** Opening STORED DATA block **
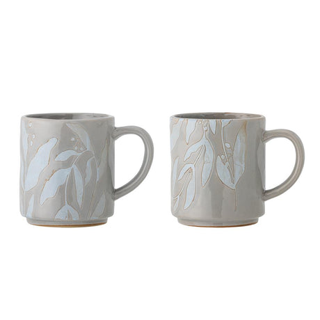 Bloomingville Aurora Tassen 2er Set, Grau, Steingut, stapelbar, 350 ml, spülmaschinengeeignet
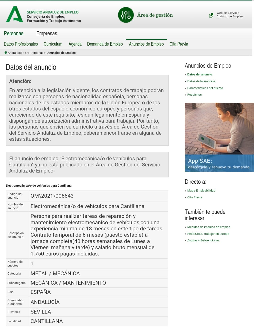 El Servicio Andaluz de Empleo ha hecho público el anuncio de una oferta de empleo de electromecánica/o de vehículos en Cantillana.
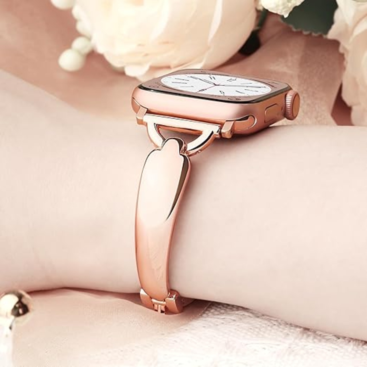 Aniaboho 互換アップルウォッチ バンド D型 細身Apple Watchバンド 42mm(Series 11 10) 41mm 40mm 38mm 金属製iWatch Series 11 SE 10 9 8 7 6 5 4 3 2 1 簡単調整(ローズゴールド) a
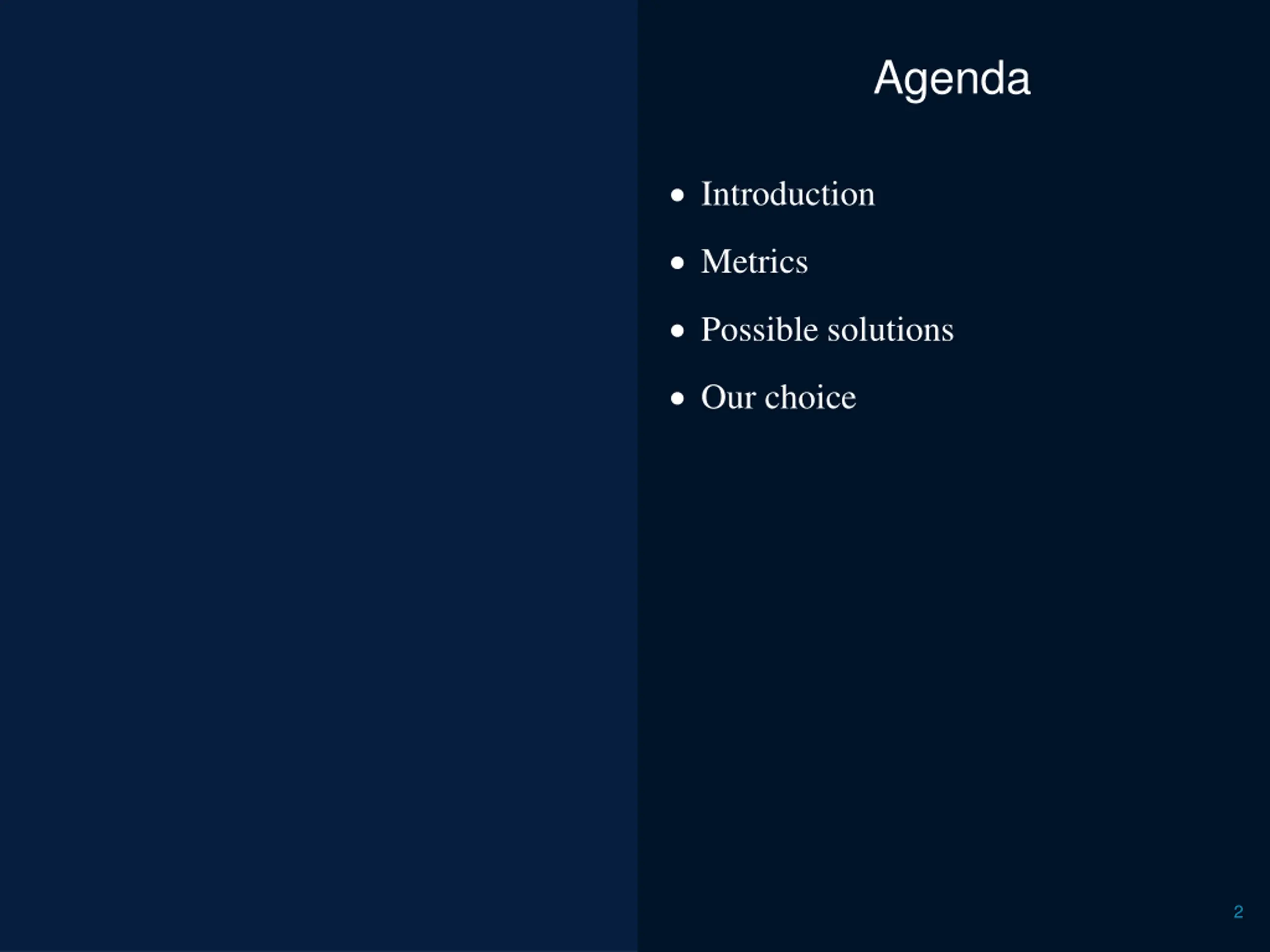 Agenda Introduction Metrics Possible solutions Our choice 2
** Closing STORED DATA block **
EXERCISE:
A faithful transcription of the material, with no pictures, is the expected result.

TASK OUTPUT:
 Bloomingville Aurora Tassen 2er Set, Grau, Steingut, stapelbar, 350 ml, spülmaschinengeeignet
 El Servicio Andaluz de Empleo ha hecho público el anuncio de una oferta de empleo de electromecánica/o de vehículos en Cantillana.
 Aniaboho 互換アップルウォッチ バンド D型 細身Apple Watchバンド 42mm(Series 11 10) 41mm 40mm 38mm 金属製iWatch Series 11 SE 10 9 8 7 6 5 4 3 2 1 簡単調整(ローズゴールド) a
 Agenda Introduction Metrics Possible solutions Our choice 2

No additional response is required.